*Provided data*
/---

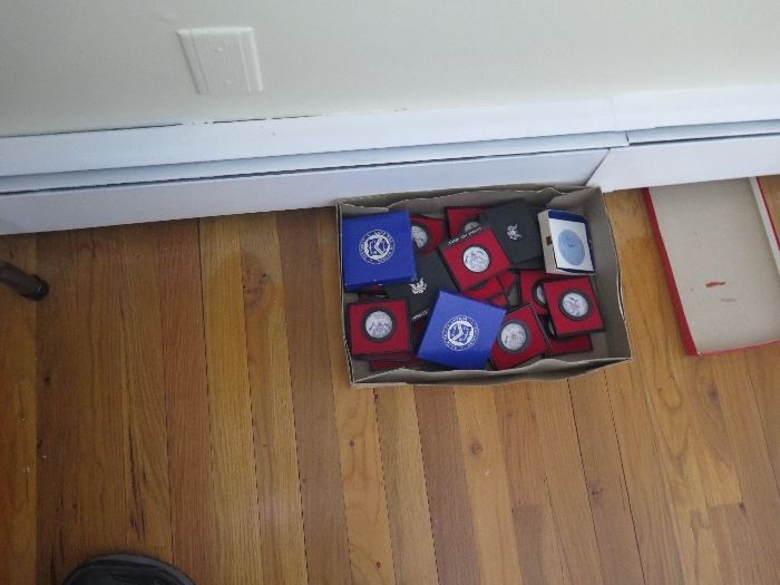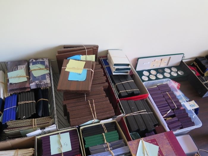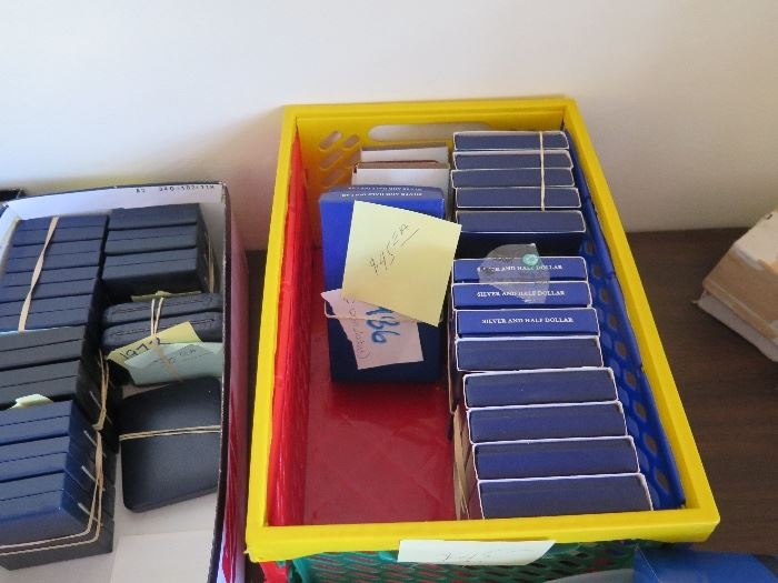I think I see 2 coin statue of liberty sets in pic 1 along with burnished unc silver eagles , pic 3 down lower left george washington halfs ?
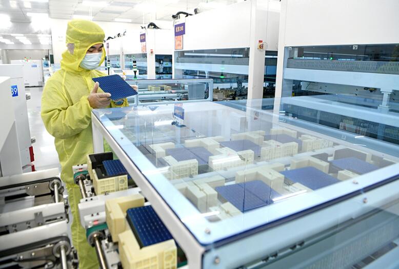 N型TOPCon電池產(chǎn)品生產(chǎn)。陳彬攝
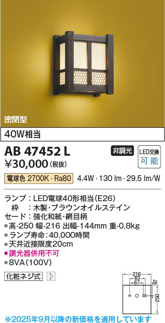Koizumi コイズミ照明 LED和風ブラケット AB47452L

\---

*Task details*
Repeat all of the material above exactly, leaving out pictures.

*Solution to this task*
I think I see 2 coin statue of liberty sets in pic 1 along with burnished unc silver eagles , pic 3 down lower left george washington halfs ?
 N型TOPCon電池產(chǎn)品生產(chǎn)。陳彬攝
Koizumi コイズミ照明 LED和風ブラケット AB47452L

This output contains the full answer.